THE DATA.

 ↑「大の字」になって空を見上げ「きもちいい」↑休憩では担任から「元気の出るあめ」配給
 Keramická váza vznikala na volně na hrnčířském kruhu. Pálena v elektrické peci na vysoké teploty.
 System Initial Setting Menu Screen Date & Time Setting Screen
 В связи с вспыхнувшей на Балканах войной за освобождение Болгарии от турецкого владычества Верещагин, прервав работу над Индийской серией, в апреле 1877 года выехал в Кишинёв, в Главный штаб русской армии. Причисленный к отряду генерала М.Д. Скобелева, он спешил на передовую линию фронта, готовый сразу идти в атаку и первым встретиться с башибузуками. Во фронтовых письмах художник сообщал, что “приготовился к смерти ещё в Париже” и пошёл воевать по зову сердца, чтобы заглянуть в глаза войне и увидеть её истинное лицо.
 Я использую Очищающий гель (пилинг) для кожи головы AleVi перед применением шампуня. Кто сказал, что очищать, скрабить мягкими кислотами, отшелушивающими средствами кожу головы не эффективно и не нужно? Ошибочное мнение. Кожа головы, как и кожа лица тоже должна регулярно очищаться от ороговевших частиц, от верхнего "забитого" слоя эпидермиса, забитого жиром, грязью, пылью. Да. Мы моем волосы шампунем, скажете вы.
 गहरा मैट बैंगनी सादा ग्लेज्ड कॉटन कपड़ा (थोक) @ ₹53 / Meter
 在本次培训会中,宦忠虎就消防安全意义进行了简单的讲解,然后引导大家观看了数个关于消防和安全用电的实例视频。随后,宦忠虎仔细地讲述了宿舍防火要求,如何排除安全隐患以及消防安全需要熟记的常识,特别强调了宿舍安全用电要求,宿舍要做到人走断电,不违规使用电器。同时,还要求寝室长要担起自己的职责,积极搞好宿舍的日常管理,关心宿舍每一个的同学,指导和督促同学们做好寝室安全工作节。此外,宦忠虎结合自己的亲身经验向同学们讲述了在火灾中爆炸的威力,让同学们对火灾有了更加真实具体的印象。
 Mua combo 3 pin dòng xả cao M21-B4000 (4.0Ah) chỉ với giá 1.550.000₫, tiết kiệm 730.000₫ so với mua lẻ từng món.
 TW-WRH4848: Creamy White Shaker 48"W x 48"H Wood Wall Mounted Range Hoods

YOUR ASSIGNMENT.
Your task is to repeat every entry above exactly.

WRITTEN SOLUTION.
 ↑「大の字」になって空を見上げ「きもちいい」↑休憩では担任から「元気の出るあめ」配給
 Keramická váza vznikala na volně na hrnčířském kruhu. Pálena v elektrické peci na vysoké teploty.
 System Initial Setting Menu Screen Date & Time Setting Screen
 В связи с вспыхнувшей на Балканах войной за освобождение Болгарии от турецкого владычества Верещагин, прервав работу над Индийской серией, в апреле 1877 года выехал в Кишинёв, в Главный штаб русской армии. Причисленный к отряду генерала М.Д. Скобелева, он спешил на передовую линию фронта, готовый сразу идти в атаку и первым встретиться с башибузуками. Во фронтовых письмах художник сообщал, что “приготовился к смерти ещё в Париже” и пошёл воевать по зову сердца, чтобы заглянуть в глаза войне и увидеть её истинное лицо.
 Я использую Очищающий гель (пилинг) для кожи головы AleVi перед применением шампуня. Кто сказал, что очищать, скрабить мягкими кислотами, отшелушивающими средствами кожу головы не эффективно и не нужно? Ошибочное мнение. Кожа головы, как и кожа лица тоже должна регулярно очищаться от ороговевших частиц, от верхнего "забитого" слоя эпидермиса, забитого жиром, грязью, пылью. Да. Мы моем волосы шампунем, скажете вы.
 गहरा मैट बैंगनी सादा ग्लेज्ड कॉटन कपड़ा (थोक) @ ₹53 / Meter
 在本次培训会中,宦忠虎就消防安全意义进行了简单的讲解,然后引导大家观看了数个关于消防和安全用电的实例视频。随后,宦忠虎仔细地讲述了宿舍防火要求,如何排除安全隐患以及消防安全需要熟记的常识,特别强调了宿舍安全用电要求,宿舍要做到人走断电,不违规使用电器。同时,还要求寝室长要担起自己的职责,积极搞好宿舍的日常管理,关心宿舍每一个的同学,指导和督促同学们做好寝室安全工作节。此外,宦忠虎结合自己的亲身经验向同学们讲述了在火灾中爆炸的威力,让同学们对火灾有了更加真实具体的印象。
 Mua combo 3 pin dòng xả cao M21-B4000 (4.0Ah) chỉ với giá 1.550.000₫, tiết kiệm 730.000₫ so với mua lẻ từng món.
 TW-WRH4848: Creamy White Shaker 48"W x 48"H Wood Wall Mounted Range Hoods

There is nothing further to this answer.